Alderhey Childrens’ Hospital, Liverpool, UK.


Background: GH deficiency has been reported widely in association with myelomeningocele and other pituitary hormone deficiencies occur less frequently. Following an episode of adrenal crisis in a newborn infant with myelomeningocele and multiple pituitary hormone deficiencies we introduced a policy of screening affected, newborn infants for pituitary insufficiency, focusing on thyroid function and cortisol levels.

Patients and methods: Data from 26 infants (13 males) were reviewed retrospectively.
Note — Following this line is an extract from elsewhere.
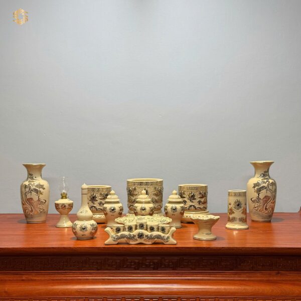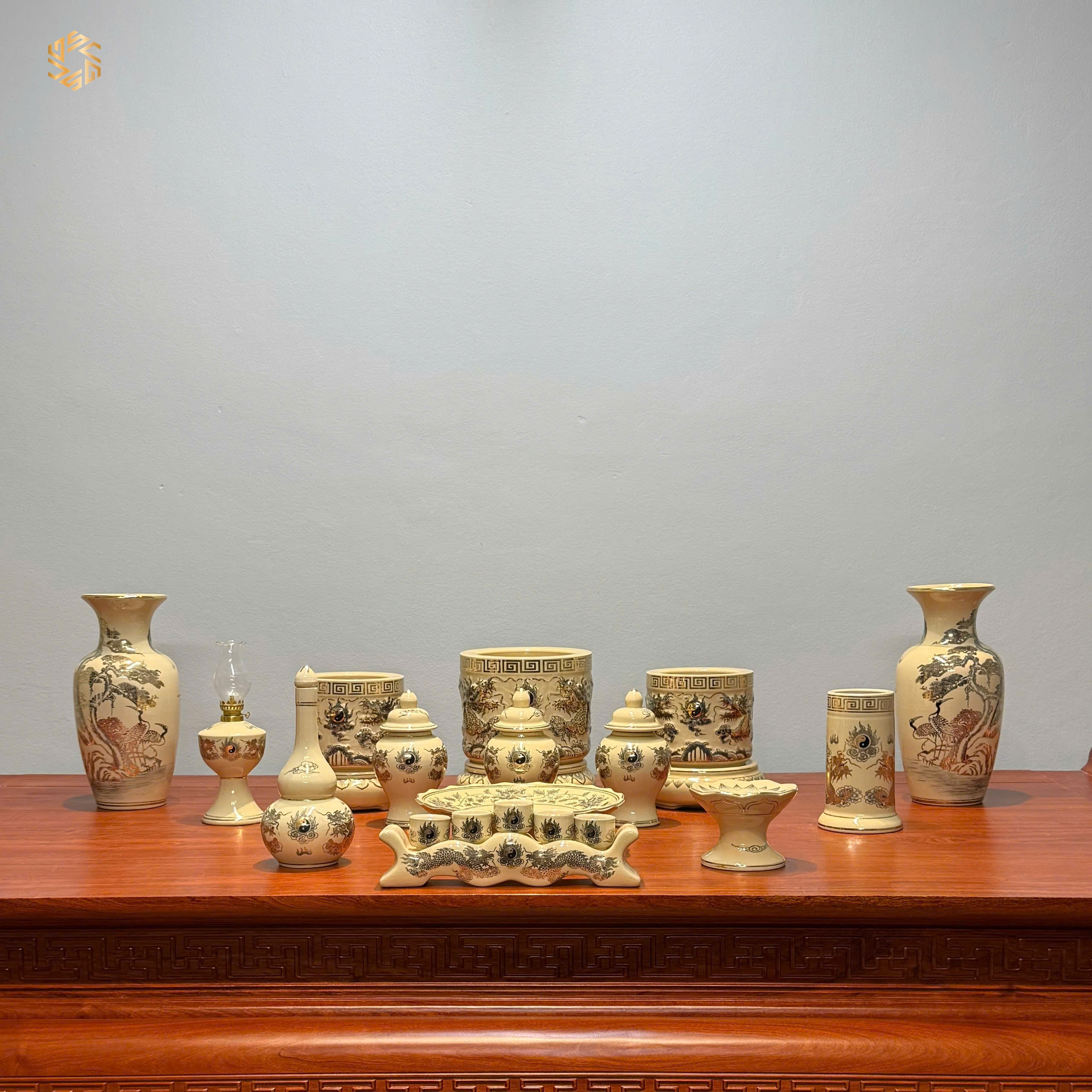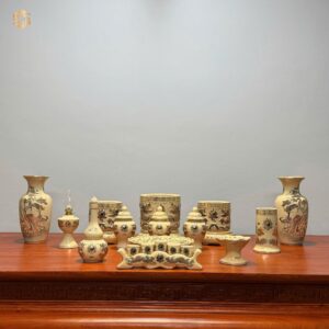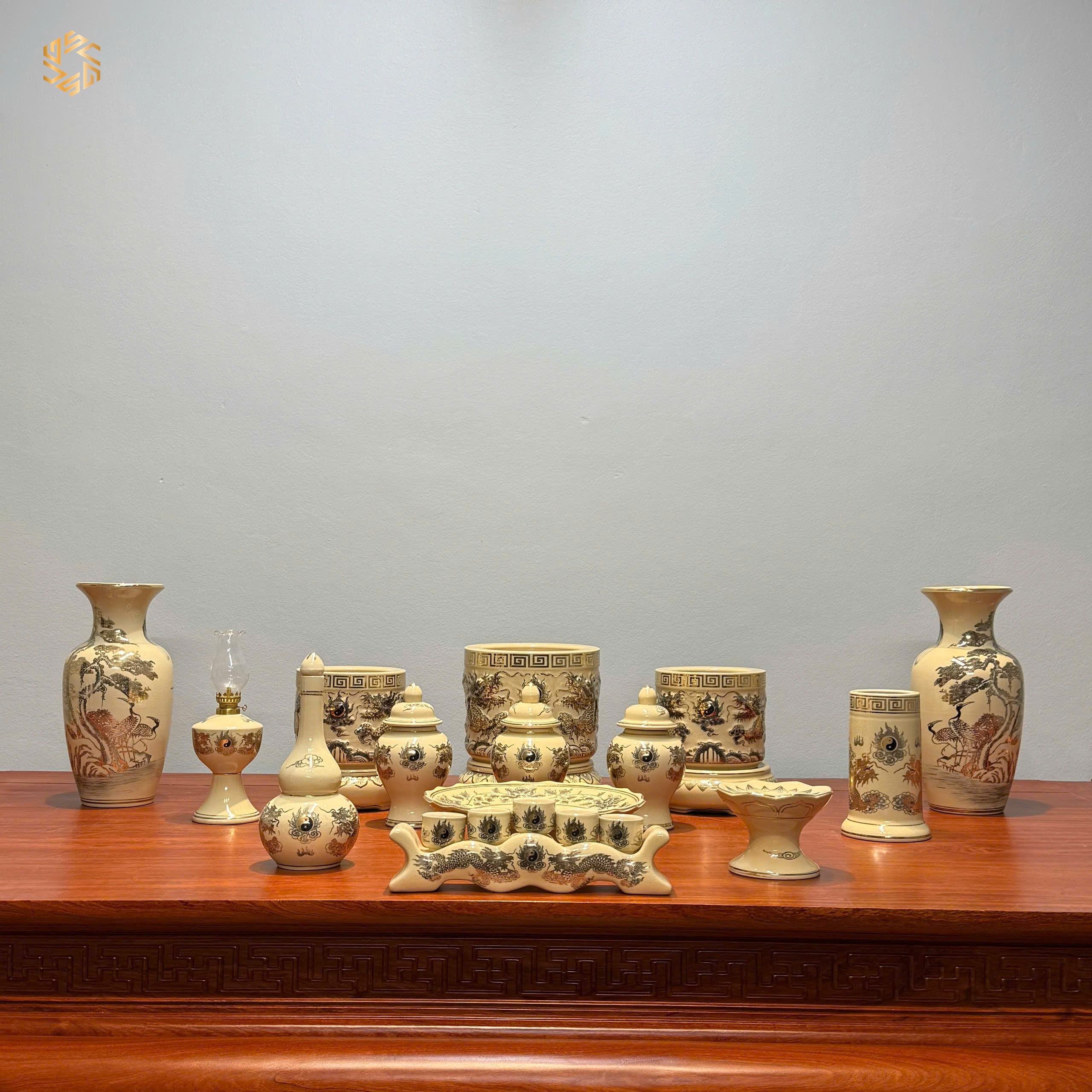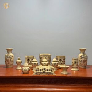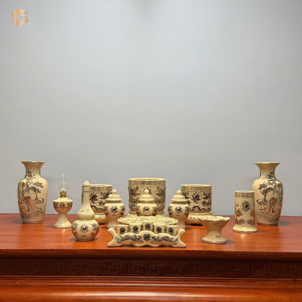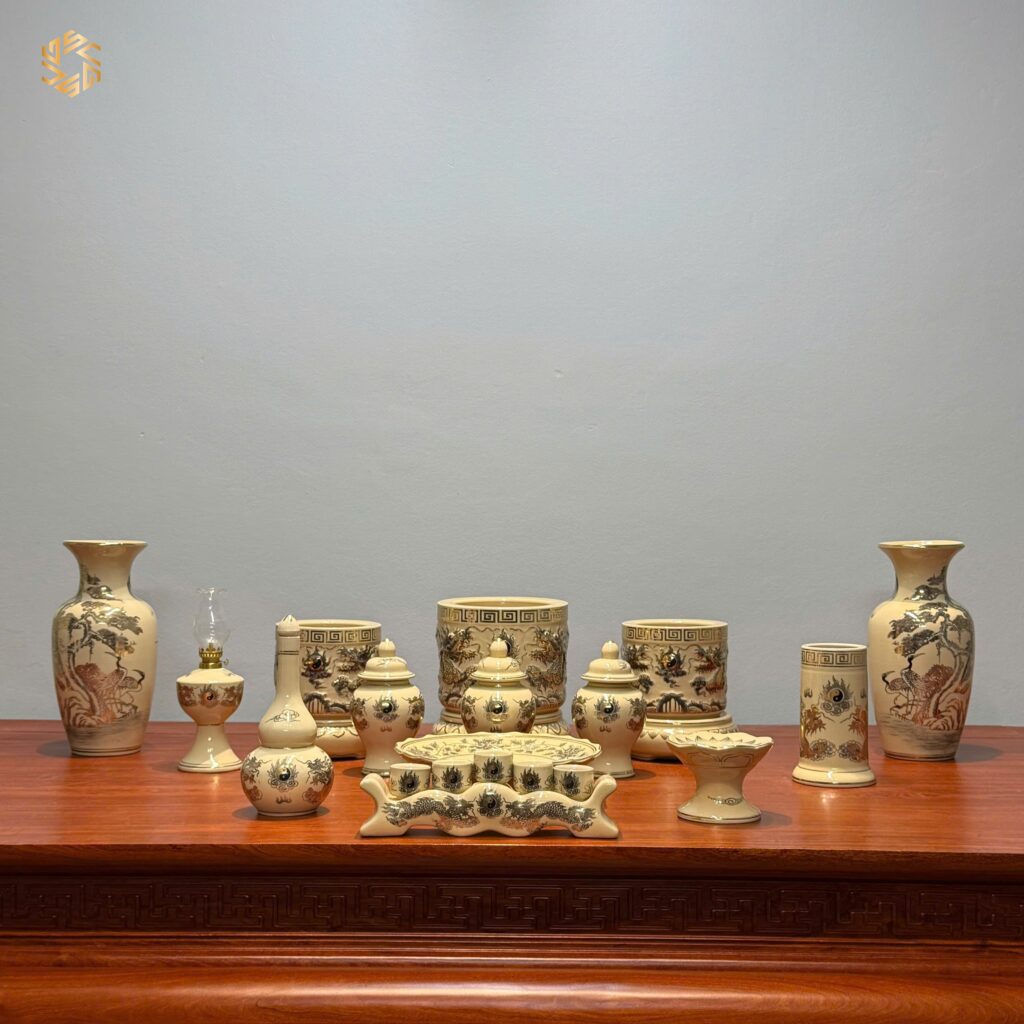 Review Bộ Đồ Thờ Gốm Chu Đậu Bát Hương Rồng Đắp Nổi Vẽ Vàng 24K Ban 117cm – 127cm

TSH sufficiency was assessed from an unstimulated measure of TSH and fT4. ACTH sufficiency as assessed by the cortisol response to the low dose short Synacthen test (LDSST: Synacthen 150 ng). A peak cortisol ≥500 nmol/l was considered to be normal.

Results:

• Thyroid hormone levels were normal in all infants.

• Median (range) basal cortisol was 313 (<50–618) nmol/l and peak cortisol 693 (375–1617) nmol/l.

• 4/26 infants (16%) had a suboptimal cortisol response and were treated with hydrocortisone during periods of stress.

• Peak cortisol was >500 nmol/l in 3/4 patients with an impaired response during the neonatal period at reassessment 6 months later.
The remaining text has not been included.